1: Why does anyone in the UK rate Lynton Crosby?
As one of Michael Howard’s peepell, all he got the Tories was ridicule over their campaign slogan, and much accusation of closet racism.
He may have had success in Australia, but the rule that applies to the USA must be considered: just because they speak a form of English doesn’t make us identical or even similar.
For starters, the UK would never have elected a Prime Minister who looked like a refugee from a Dilbert cartoon.
2: Oh yeah?
Yesterday’s appearance on the Andy Marr show by William ‘Ague included the reheating of another Tory chestnut: keep saying something and someone might believe you.
Young William told that administrative costs under the present government had “mushroomed”.
As someone who remembers “Shagger” Major telling us that “ ...of course, British Rail is deeply inefficient”, the first question that enters is straightforward: got any figures to stand that one up, Master ‘Ague?
No, thought not.
3: Slant at the Beeb
The thought that a less than representative number of Tory guests have been appearing on the BBC’s Sunday politics shows has been doing the rounds, typically voiced by Iain Dale (and there is no blogger greater than he).
Oh, I dunno.

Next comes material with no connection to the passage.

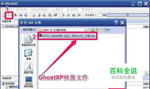 2,点击工具栏上的“打开”图标,选择要打开的IOS映像文件,本篇以GhostXP SP3系统映像文件为例,选择好了,然后按“打开”按钮。

Andy Marr had Carole Vorderman on recently. No, stay with me on this. I’m not being flippant. Ms V (and others like Ms Kirstie Relocation) have taken the Cameron shilling. They come from a background of undemanding shows, they’re smart and agreeable, and still carry a little authority.
Think of it this way: who would the average swing voter prefer to see on Andy Marr’s sofa – Fat Ken, Dominic Grieve, John “live long and prosper” Redwood, or Ms Vorderman?
Stealth introduction of alternative cat skinning technology shock horror!